Objective Indicators based on hospital administrative data have potential for misclassification error, especially if they rely on clinical detail that may not be well recorded in the data. We applied an approach using modified logistic regression models to assess the misclassification (false-positive and false-negative) rates of low-value care indicators.

Design and setting We applied indicators involving 19 procedures to an extract from the New South Wales Admitted Patient Data Collection (1 January 2012 to 30 June 2015) to label episodes as low value. We fit four models (no misclassification, false-positive only, false-negative only, both false-positive and false-negative) for each indicator to estimate misclassification rates and used the posterior probabilities of the models to assess which model fit best.

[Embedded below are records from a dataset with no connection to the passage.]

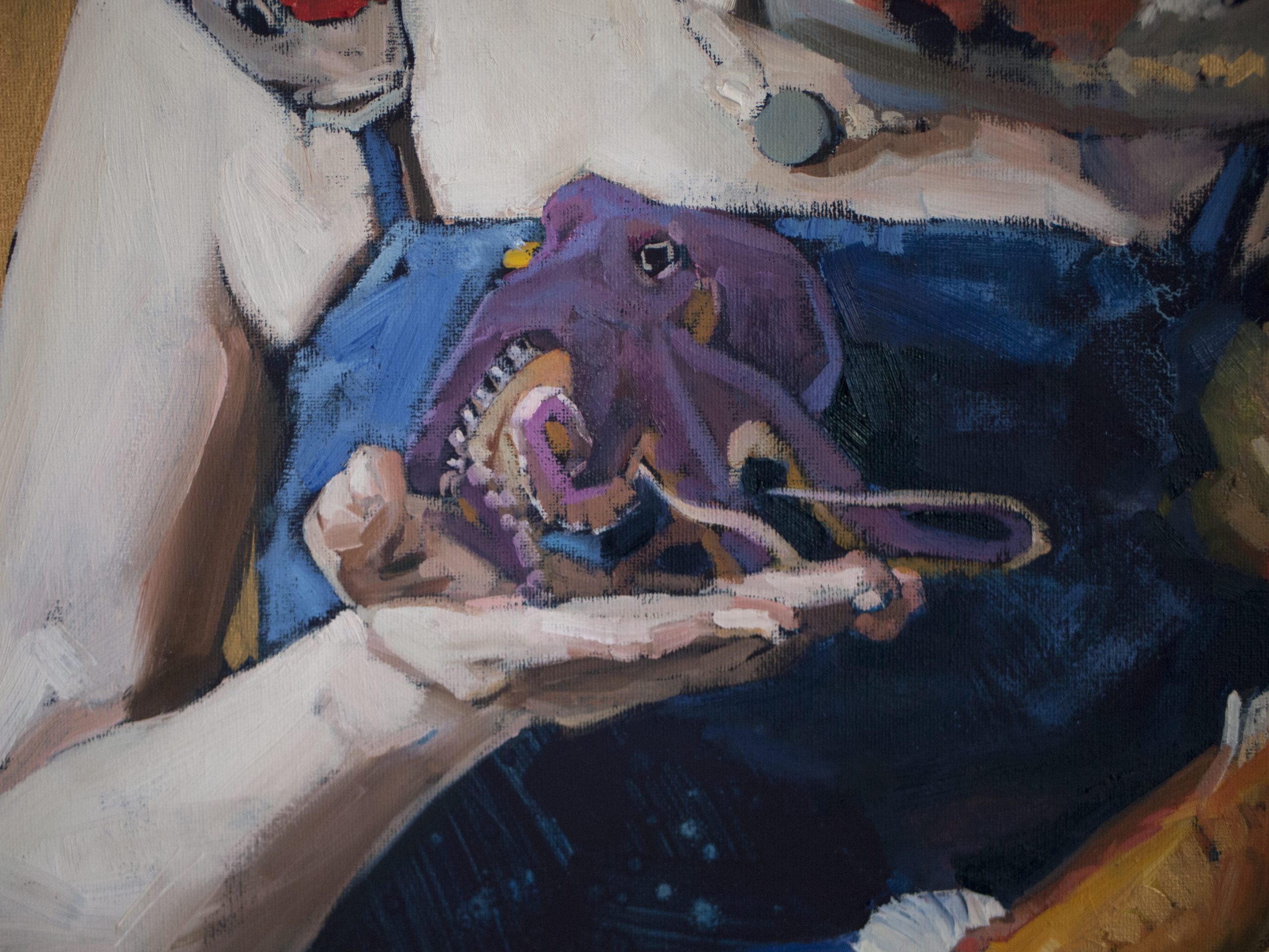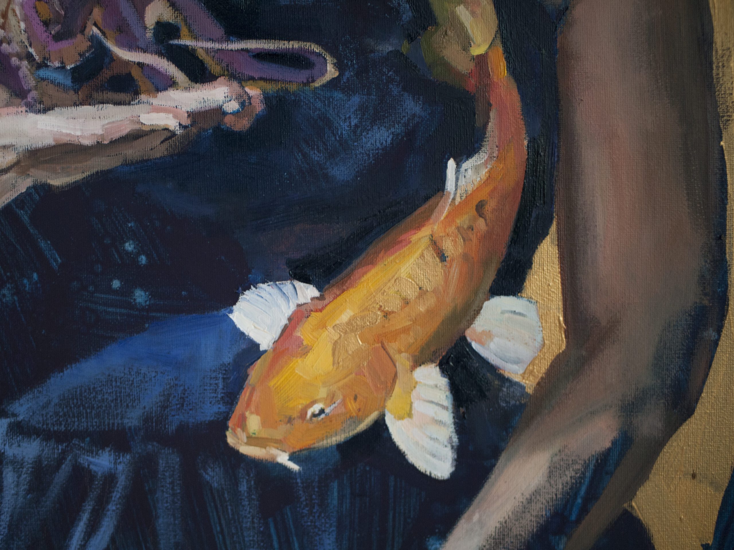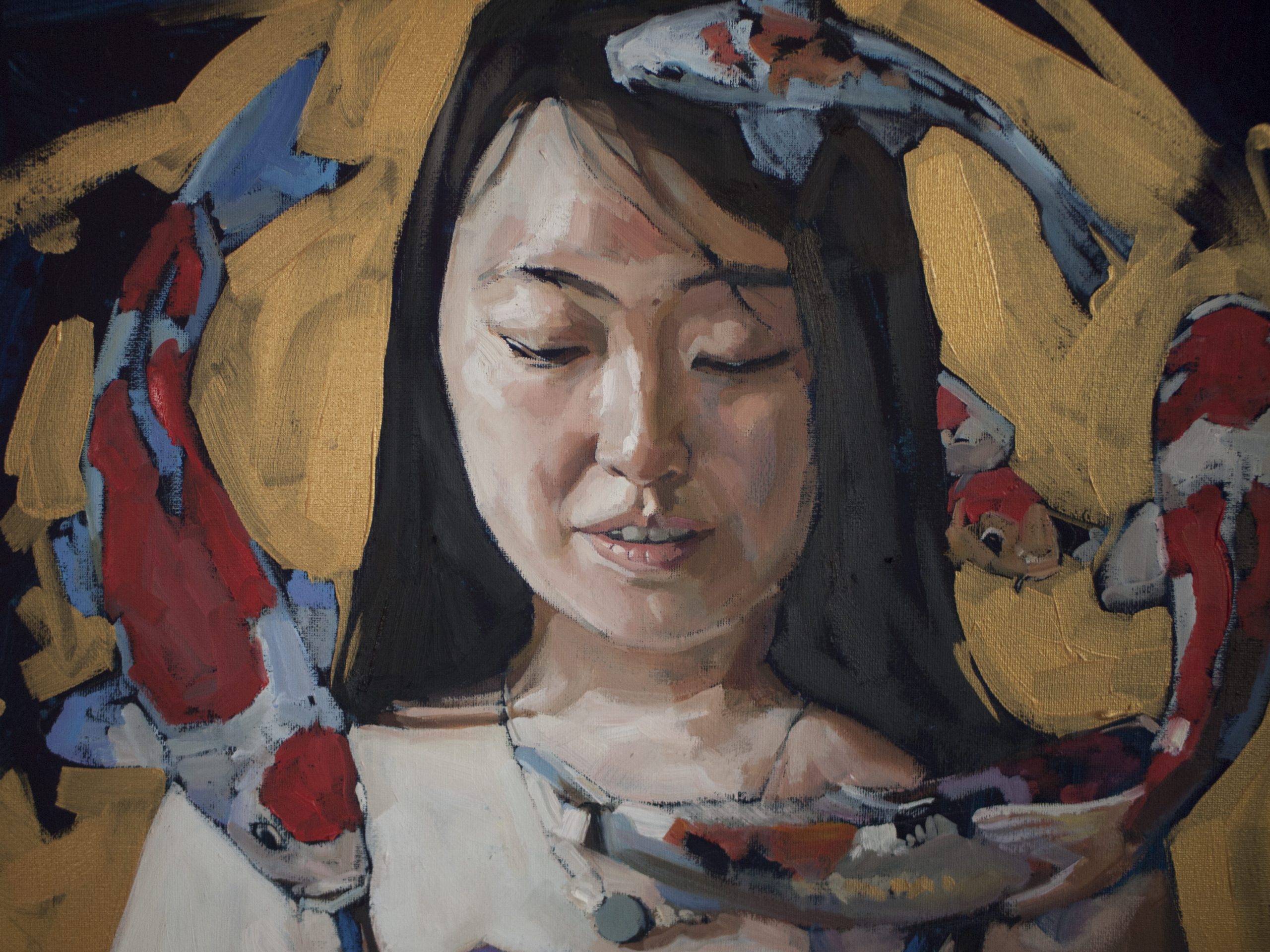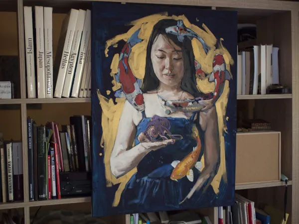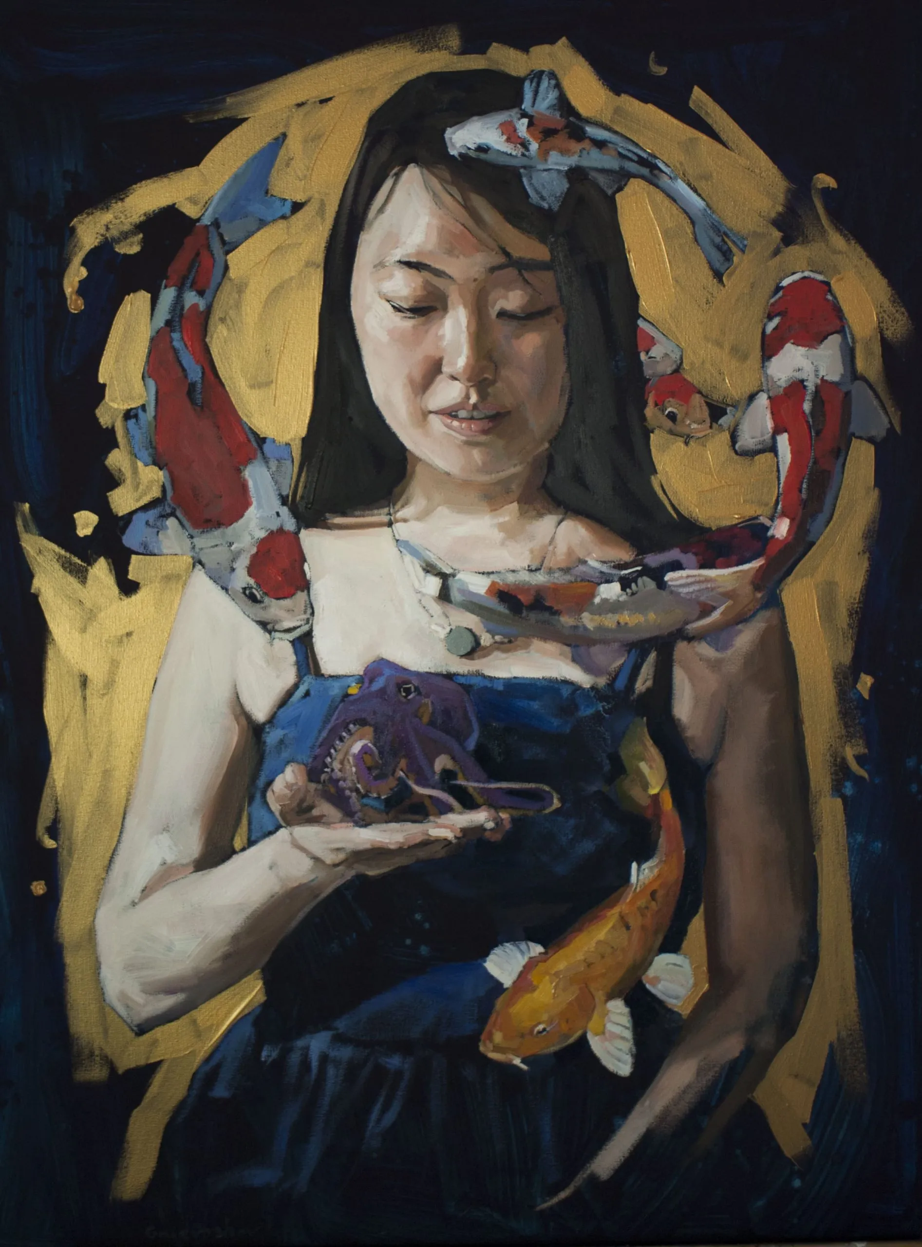 In this work I captured the fluidity of the subconscious using oil and acrylic. Surreal and symbolic, it slides between reality and dream. Delicate fish that dance gently around the central figure convey a mood of profound calm, symbolizing the connection between humans and nature. This painting exudes a captivating aura that will add a touch of mystery and emotional depth to any room.
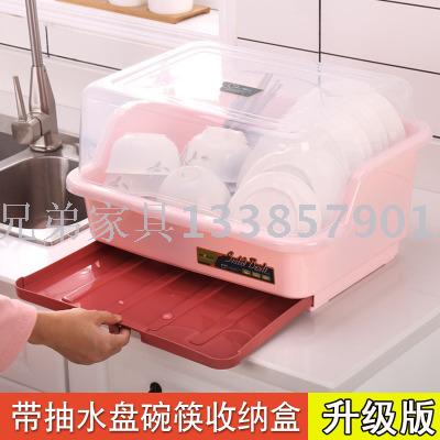 餐具沥水碗架带盖厨房多功能碗碟架塑料双层碗筷收纳盒
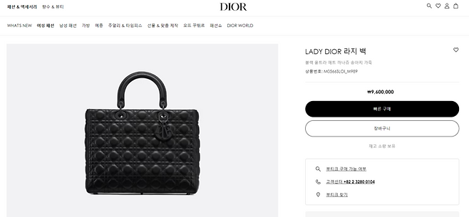 [디올 레이디 디올 라지 백(사진=디올 홈페이지 캡처)]
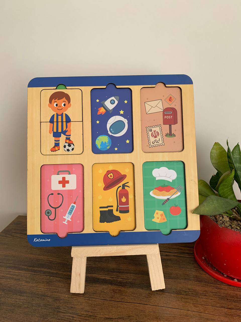 پازل چوبی مشاغل از برند قندون, 6 تا شغل مختلف رو به همراه وسایل مورد نیاز برای هر شغل به کودک آموزش میده.

Results False-positive rates were low for most indicators—if the indicator labels care as low value, the care is most likely truly low value according to the relevant recommendation. False-negative rates were much higher but were poorly estimated (wide credible intervals). For most indicators, the models allowing no misclassification or allowing false-negatives but no false-positives had the highest posterior probability. The overall low-value care rate from the indicators was 12%. After adjusting for the estimated misclassification rates from the highest probability models, this increased to 35%.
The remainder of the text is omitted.